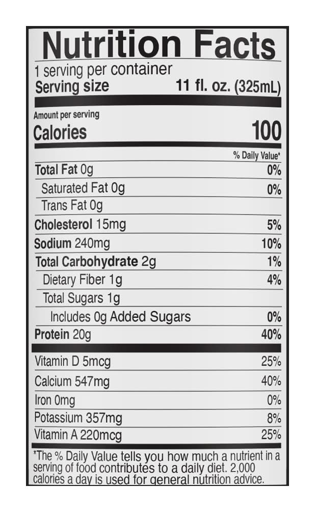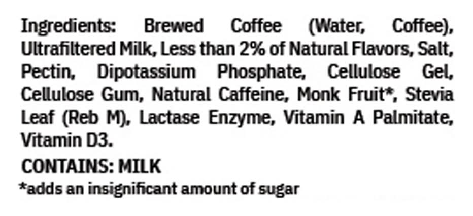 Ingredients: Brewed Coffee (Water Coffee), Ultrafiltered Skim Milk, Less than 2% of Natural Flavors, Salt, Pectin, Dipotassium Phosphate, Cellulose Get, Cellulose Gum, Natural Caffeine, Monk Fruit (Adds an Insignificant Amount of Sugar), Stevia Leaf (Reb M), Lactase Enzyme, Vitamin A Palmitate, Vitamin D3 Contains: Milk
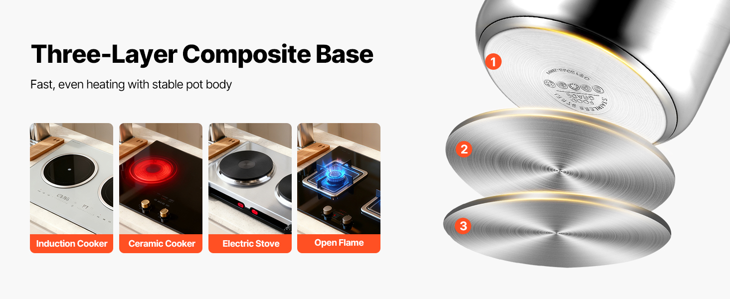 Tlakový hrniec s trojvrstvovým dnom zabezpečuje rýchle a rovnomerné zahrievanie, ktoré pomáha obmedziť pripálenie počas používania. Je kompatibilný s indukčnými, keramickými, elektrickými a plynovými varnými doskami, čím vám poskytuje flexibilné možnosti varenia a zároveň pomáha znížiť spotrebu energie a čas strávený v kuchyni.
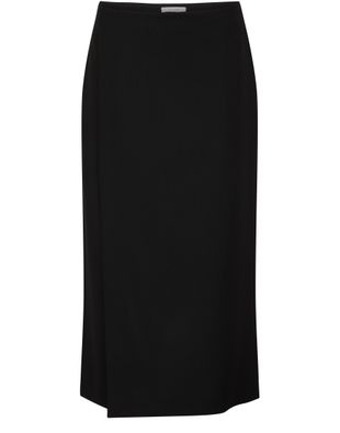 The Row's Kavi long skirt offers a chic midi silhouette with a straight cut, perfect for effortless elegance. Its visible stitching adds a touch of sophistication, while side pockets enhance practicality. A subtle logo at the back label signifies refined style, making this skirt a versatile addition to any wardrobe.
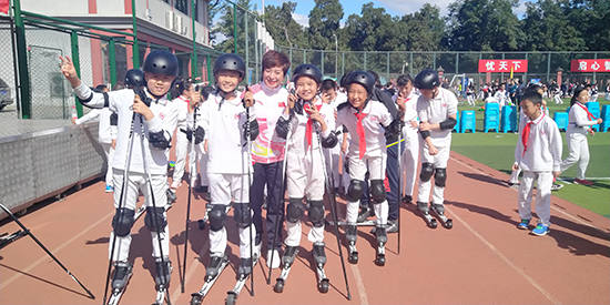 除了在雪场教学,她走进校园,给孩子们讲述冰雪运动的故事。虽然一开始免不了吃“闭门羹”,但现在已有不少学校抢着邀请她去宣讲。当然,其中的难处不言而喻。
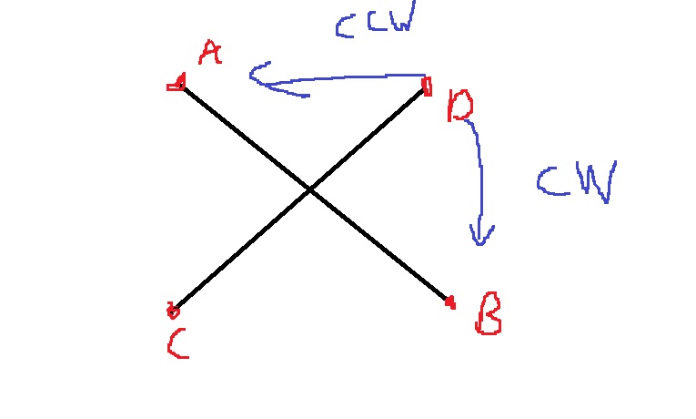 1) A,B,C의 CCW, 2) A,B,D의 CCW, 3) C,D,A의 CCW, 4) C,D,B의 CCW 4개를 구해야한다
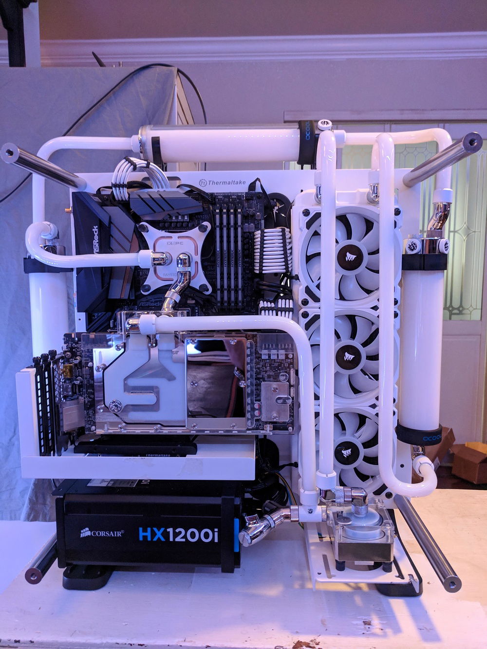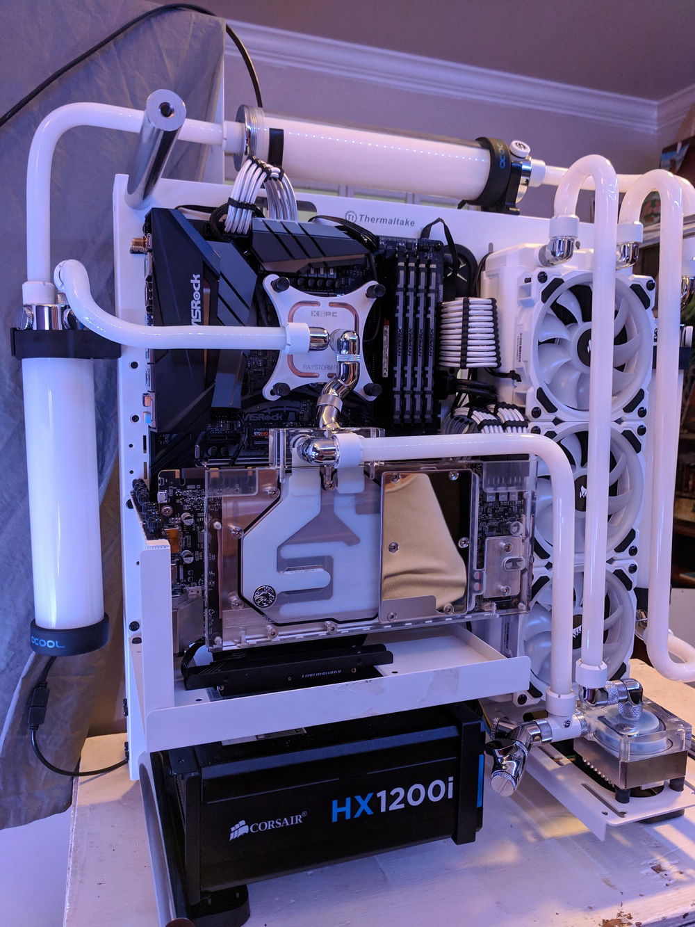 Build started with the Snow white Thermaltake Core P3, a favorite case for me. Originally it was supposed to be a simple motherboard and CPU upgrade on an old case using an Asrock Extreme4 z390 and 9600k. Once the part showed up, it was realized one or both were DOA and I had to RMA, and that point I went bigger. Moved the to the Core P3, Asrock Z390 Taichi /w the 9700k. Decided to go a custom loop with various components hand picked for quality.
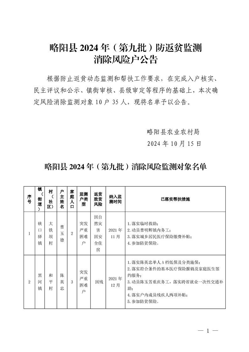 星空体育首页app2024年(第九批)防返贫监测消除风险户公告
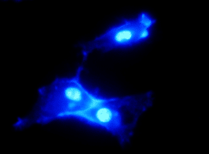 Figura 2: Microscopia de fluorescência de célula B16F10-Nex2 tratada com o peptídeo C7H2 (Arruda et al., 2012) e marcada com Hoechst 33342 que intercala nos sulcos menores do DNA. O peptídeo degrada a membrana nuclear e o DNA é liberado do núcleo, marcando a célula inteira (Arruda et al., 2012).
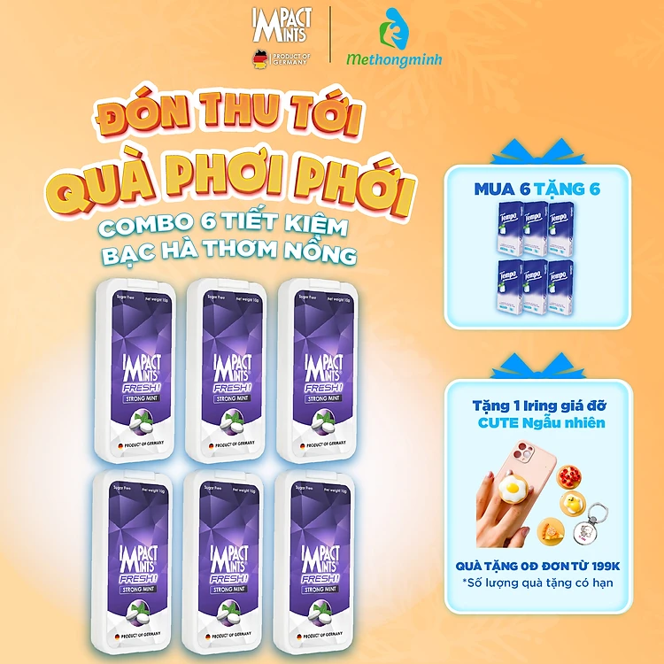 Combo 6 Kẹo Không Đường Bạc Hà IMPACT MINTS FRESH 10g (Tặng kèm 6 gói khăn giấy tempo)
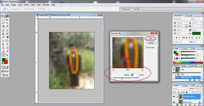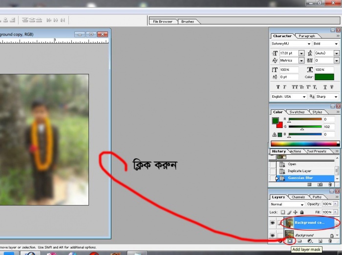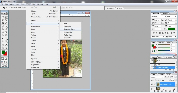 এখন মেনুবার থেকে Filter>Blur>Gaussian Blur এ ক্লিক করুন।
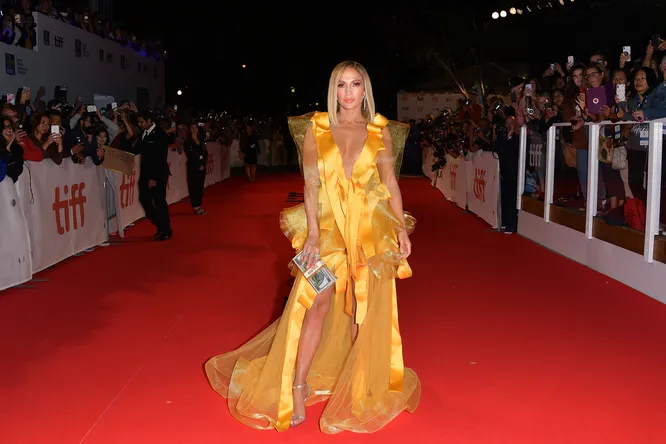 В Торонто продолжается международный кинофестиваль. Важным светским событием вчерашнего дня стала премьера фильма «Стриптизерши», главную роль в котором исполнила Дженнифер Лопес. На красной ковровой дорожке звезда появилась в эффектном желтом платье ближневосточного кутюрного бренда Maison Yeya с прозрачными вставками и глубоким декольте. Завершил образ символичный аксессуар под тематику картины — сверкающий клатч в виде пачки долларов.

+-------+

## ASSIGNMENT
Drop the pictures, then reproduce exactly the lines from the one with "এখন মেনুবার থেকে" through the final line of the listing.

## OUTPUT FOR THIS TASK
 এখন মেনুবার থেকে Filter>Blur>Gaussian Blur এ ক্লিক করুন।
 В Торонто продолжается международный кинофестиваль. Важным светским событием вчерашнего дня стала премьера фильма «Стриптизерши», главную роль в котором исполнила Дженнифер Лопес. На красной ковровой дорожке звезда появилась в эффектном желтом платье ближневосточного кутюрного бренда Maison Yeya с прозрачными вставками и глубоким декольте. Завершил образ символичный аксессуар под тематику картины — сверкающий клатч в виде пачки долларов.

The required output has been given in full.